= Data items =
* * * *

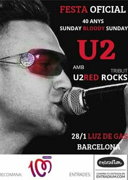 FESTA OFICIAL U2 amb la banda tribut U2RED ROCKS. Ari, la seva baixista va ser convidada pels propis U2 al Palau Sant Jordi a tocar amb ells.
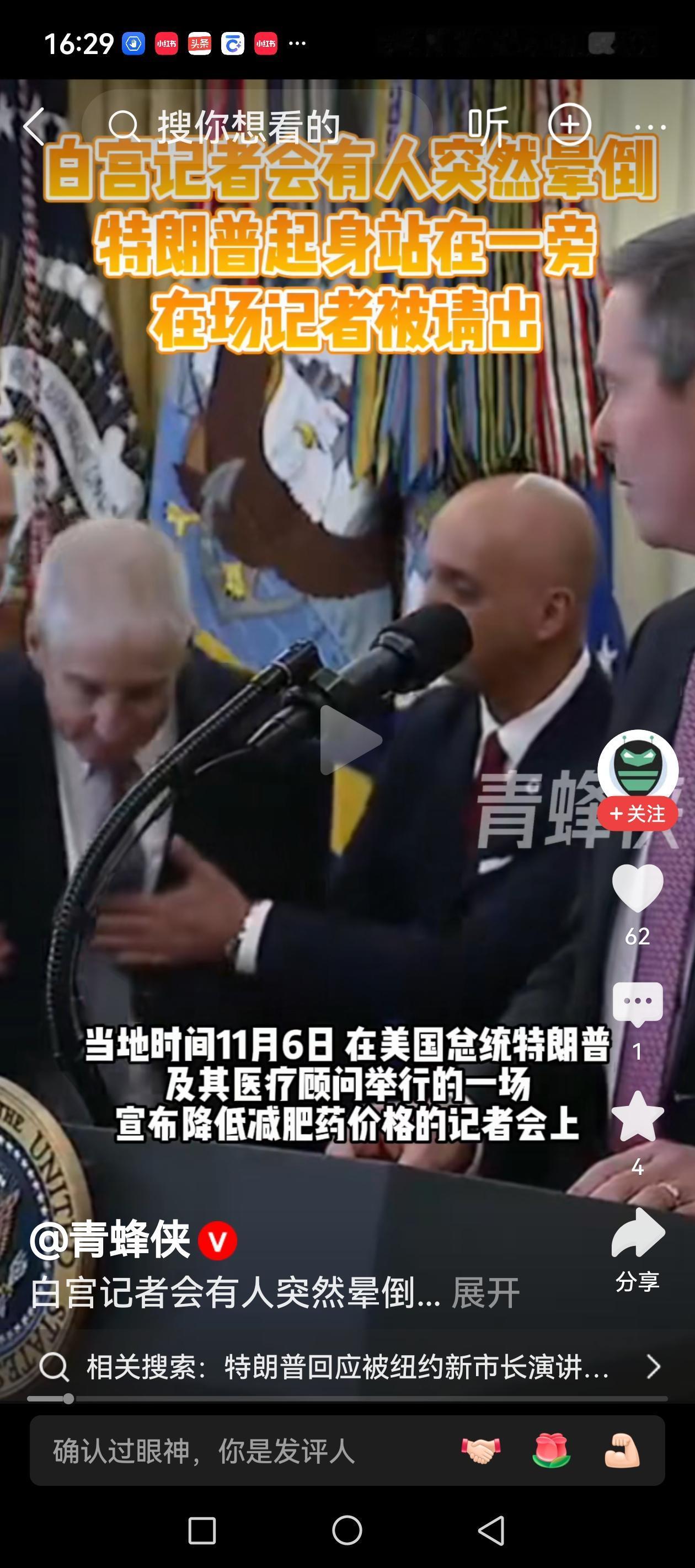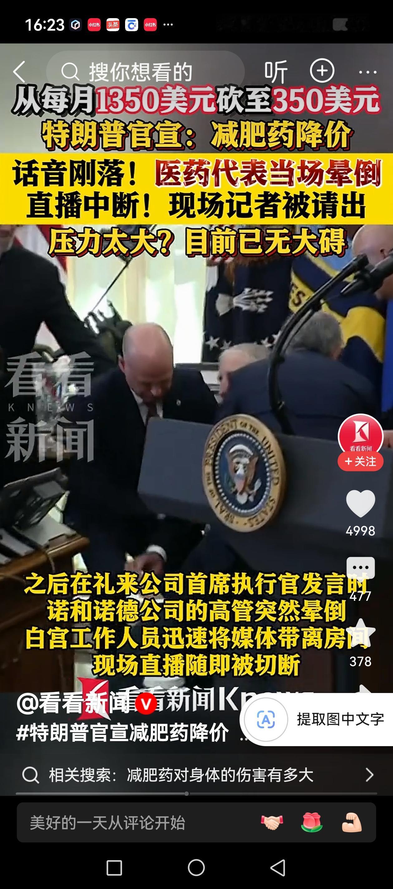 这一刻,让特朗普也懵圈了! 11月6日白宫的发布会现场,特朗普官宣减肥药降价,从每月1350美元砍至350美元。谁知话音刚落,在场的一位药企的高管当场晕倒。工作人员赶紧叫停记者会,特朗普站起身愣在了那里,这一刻恐怕真是有点懵了。不过,发布会重启后,特朗普解释道,他只是有点“头晕目眩”,正在接受照护情况良好。这位药企高管恐怕是感觉这波降价幅度太大,承受的压力太大了!
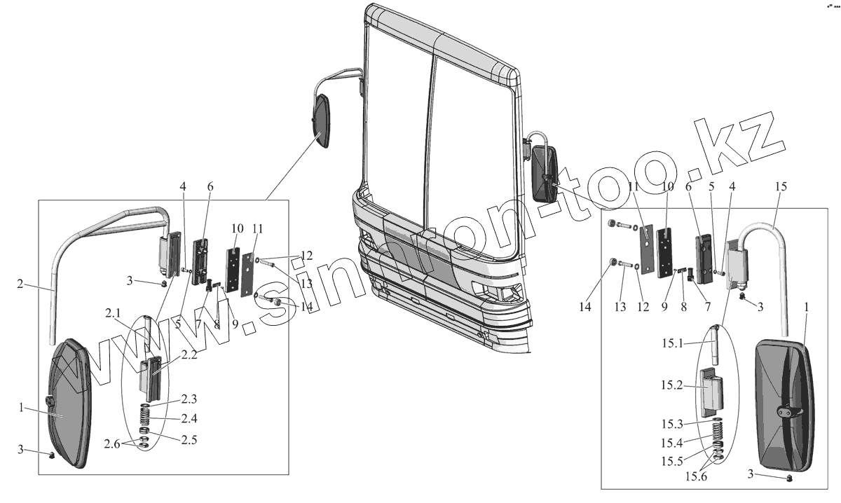 Каталог запасных частей к технике: АМАЗ МАЗ-152 (2011). Установка зеркал (с 2008 года)
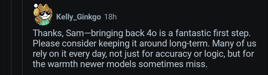 Having witnessed the reaction to losing and then getting back GPT-4o, I think it’s important to consider why people want that. I imagine part of the reason is that GPT-5, as the imposed replacement to 4o, was genuinely malfunctioning yesterday (was the auto-switch broken, or working as intended, which simply happens to be in a suboptimal way?). But another part is, obviously, its personality: 4o is a friend, a companion, a lover; some want it to live forever, some need it to live themselves. People just love the sycophantic personality. Two things I’ve written elsewhere reflect my takeaway on this (the first is from July 3rd, and the second from April 29th; the reverse chronological order is intentional):
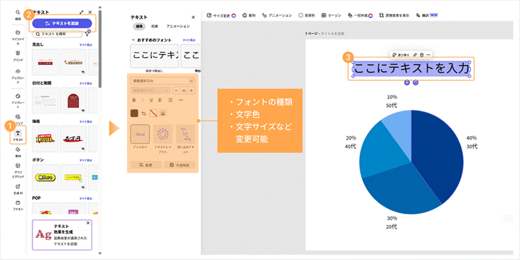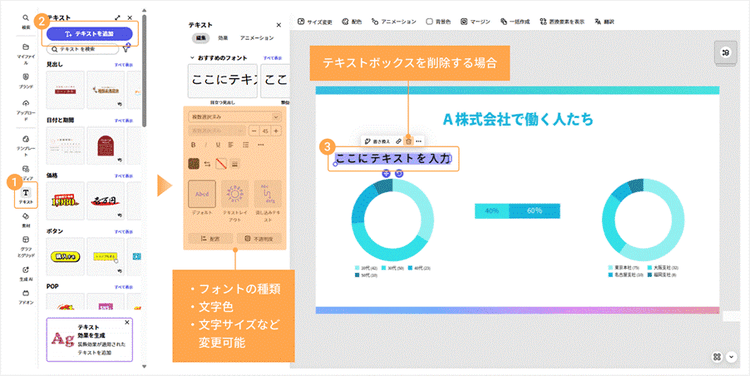 ● 追加:「テキスト」>「テキストを追加」をクリックしてテキストボックスを配置
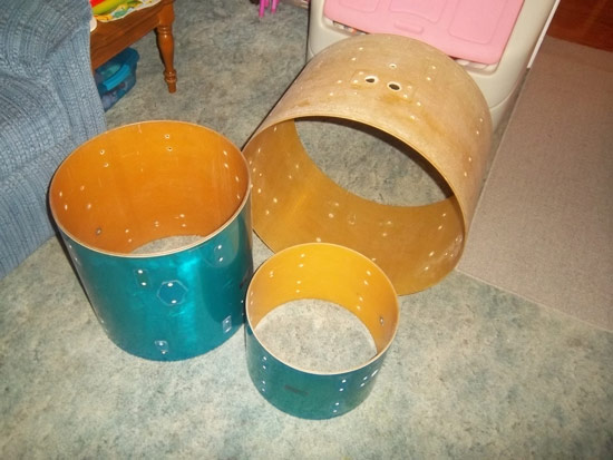 OK, just in the process of finishing up on the details for my next custom repro set made from 70s Pearl fiberglass shells. I've started prepping the shells this morning, and thought I'd better get some "before" pics. Yes, that picture was taken in our living room where I do work sometimes. And, yes, the Encore Western channel is what I'm watching... :)
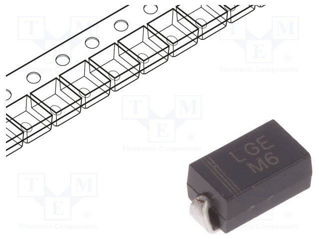 Диод: выпрямительный; SMD; 800В; 1А; Упаковка: бобина,лента; SMA
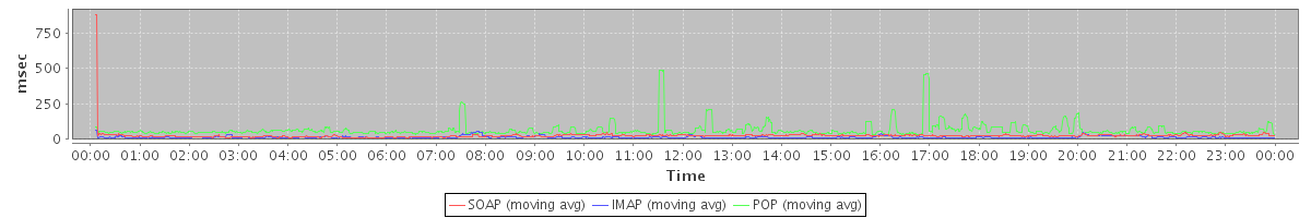Host zm05.stanford.edu: Mailboxd: Response Time by Client Protocol
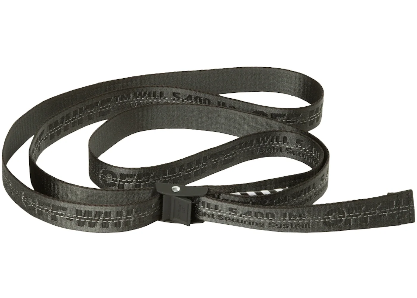 The Off-White Mini Industrial Belt SS19 Men's Black is available as part of the 2019 spring/summer collection. This unique accessory is designed and created by OFF-WHITE, a fashion brand led by late Virgil Abloh. The design represents the brand’s urban-inspired drawing inspiration and design language. It showcases a black color. The Off-White Mini Industrial Belt SS19 boasts a woven strip made of a long-lasting nylon material usually used in safety and industrial equipment. Some industrial-inspired details contributing to the unique aesthetic include yellow tape accents and metal hardware. The OFF-WHITE branding is the most outstanding feature in this design, printed in bold capital letters on the belt’s strap. One of the most impressive things about this creation is its adjustability, which facilitates easy adjusting and fastening based on your waist size, style, and preference. The Off-White Mini Industrial Belt SS19 Men's Black was released on June 14th, 2018, at a retail price of $190. - Season SS19 - Color Black - Retail Price 190 - Featured false
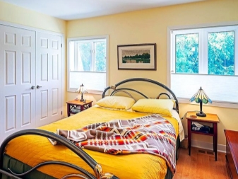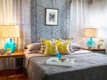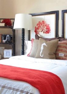 إذا كان السرير موجودًا بجوار النافذة ، فسيكون القرار الصحيح هو اختيار لوح أمامي منخفض أو غير مرتفع جدًا لإتاحة الوصول إلى الضوء الطبيعي. في هذه الحالة ، لا يتطلب السرير ديكورًا إضافيًا ، ويمكن أن تكون الستائر أو الستائر المتجمعة الثقيلة على طول حواف الجدار بمثابة الأخير. كلكنة ، يمكنك تعليق لوحتين فوق كل طاولة سرير ، حيث لا يمكنك وضعها فوق الخلف بسبب النافذة..

* * * *

= Problem =
Write out the records above exactly. Begin with the first line, end with the line holding "Каталог запасных частей", and drop the pictures.

= Result of the exercise =
 FESTA OFICIAL U2 amb la banda tribut U2RED ROCKS. Ari, la seva baixista va ser convidada pels propis U2 al Palau Sant Jordi a tocar amb ells.
 这一刻,让特朗普也懵圈了! 11月6日白宫的发布会现场,特朗普官宣减肥药降价,从每月1350美元砍至350美元。谁知话音刚落,在场的一位药企的高管当场晕倒。工作人员赶紧叫停记者会,特朗普站起身愣在了那里,这一刻恐怕真是有点懵了。不过,发布会重启后,特朗普解释道,他只是有点“头晕目眩”,正在接受照护情况良好。这位药企高管恐怕是感觉这波降价幅度太大,承受的压力太大了!
 Каталог запасных частей к технике: АМАЗ МАЗ-152 (2011). Установка зеркал (с 2008 года)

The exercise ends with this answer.